I can’t remember when I first met Mark Darling. But I do remember the first time I allowed him to take a huge role in my life. When I was in my 3rd year of college, Mark Darling taught at our annual college retreat in Estes Park. He told us to read Psalm 119 two times – once by ourselves, and once out loud with friends, highlighting every word pertaining to God’s law, commandments, statutes, etc. It was an incredible way to meditate on God’s character. Now, at least two times a week, I listen to Psalm 119 while getting ready for work. Mark also encouraged us to listen to at least one sermon every day of the week for a year. So I chose a few sermons from the Rock Church in Utah, and of course a few sermons from Mark Darling. That year, I listened to “The Awesome Love of God” over 52 times. I can still hear Mark’s voice when I quote it. Mark has no idea how much he changed my life with that sermon.
As a survivor of childhood sexual abuse, repeated sexual assault, and a survivor of an alcoholic, narcissistic dad – please listen to me.
This is not a post about my dad so I will leave out the incriminating details. I received counsel from two of my pastors in 2015 that I should no longer be in contact with my dad due to the emotional and verbal abuse he put me through. I set up strong boundaries with him, and unfortunately he was not willing to respect those boundaries. In December of 2016 through the spring of 2017, he harassed me. I spoke with the police who advised me to get a restraining order, but I had never done something like that before and wasn’t even sure I should do so as a Christian. When I asked my pastors about it I did not get a clear, supportive response from them. Through lots of prayer and reading the bible, I decided to get a restraining order the next time my dad reached out to me, but by God’s grace that never happened again.
This whole circumstance crushed my spirit to a greater depth than humanly recoverable. A dear brother in Christ encouraged me to reach out to Mark Darling when he was visiting Colorado in the summer of 2017 because he knew how much Mark’s teachings impacted my life. I sat down with Mark in a room full of people and began to share a little of my story. Mark cried with me and desperately wanted me to know God’s heart. He offered to check in with me via email or phone, as he knew I didn’t have strength to hold on to God by myself. I was surprised at how faithful Mark was to email me and send me encouraging verses and sermons. In the most gentle, caring way he did not let me walk away from God. He never gave up on me.
During a phone call at 7:30am in the morning (I had to work at 8am, so he was willing to work around my schedule) Mark told me I should have obtained a restraining order against my dad years ago. I’ll always remember the strong tone of voice Mark had as he defended me, my mom, and my sisters against the abuse we all experienced at the hand and mouth of my dad. Out of all of the people I reached out to for counsel, the person who held the absolute highest standards of what appropriate behavior looked like for men, was Mark Darling. Not to put down any of my pastors in Colorado – I think Mark just knew what type of person my dad was because Mark had devoted his life to standing up against men like my dad.

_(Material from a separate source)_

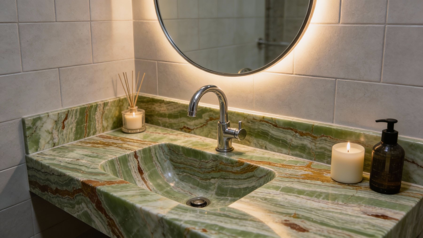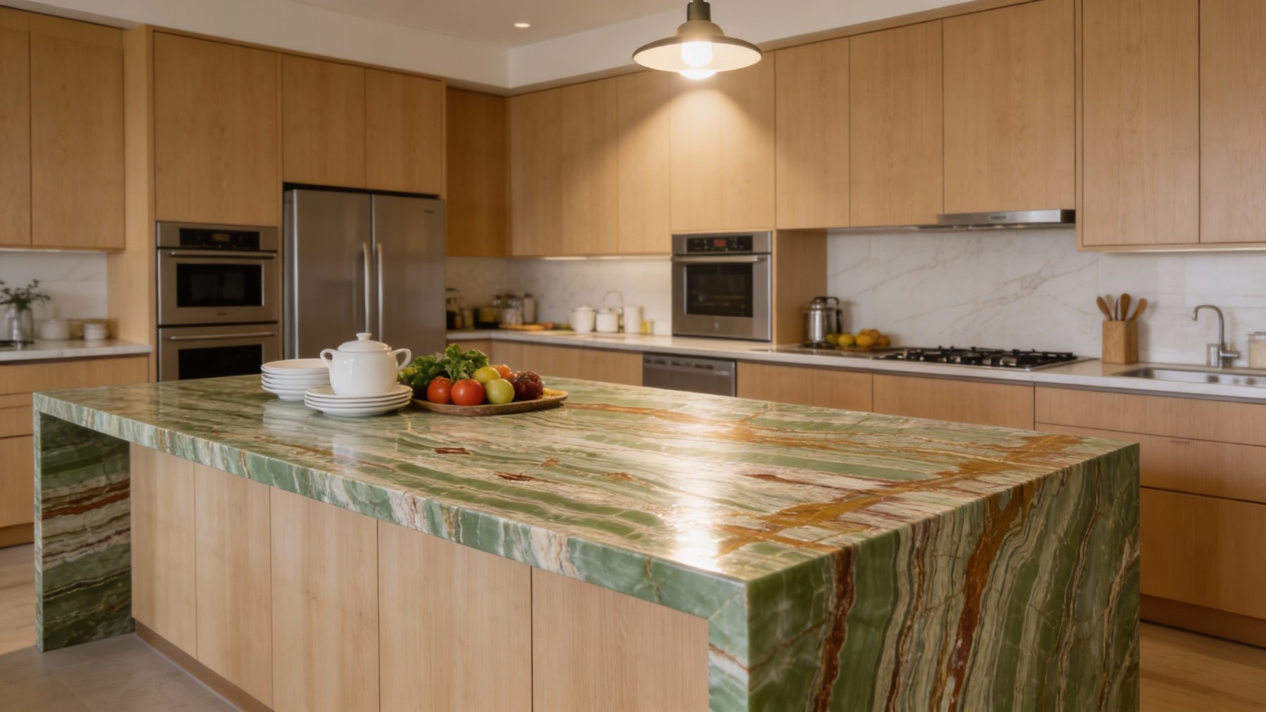 表面质感细腻温润,条纹间的色彩过渡自然柔和,部分区域带有轻微晕染感,尽显石材的天然肌理;暖棕色部分自带沉淀般的厚重质感,绿色与白色区域则显得通透柔和,整体光泽度适中(偏向自然哑光或柔光),无刻意雕琢痕迹,触感应平滑却藏有细微的纹理起伏,传递出质朴雅致的自然触感。

As a survivor, I am hyper-aware of men who make me feel uncomfortable. I am very intuitive and get triggered easily. I have never ever thought of Mark to be a threatening, grooming man. EVER. He has been the most gentle, loving, SAFE, caring father-figure this fatherless child has EVER had. With such a powerful testimony, Mark has stood up for victims and spoken truth against this culture’s disgusting consumption of objectifying women. Unfortunately, I believe Satan has been trying to destroy Mark Darling for years; it’s the only way I can make sense of these horrific accusations, which directly attack everything Mark has ever stood for. Please don’t forget our enemy. Please don’t forget we are at war, and our enemy will do whatever it takes to destroy us.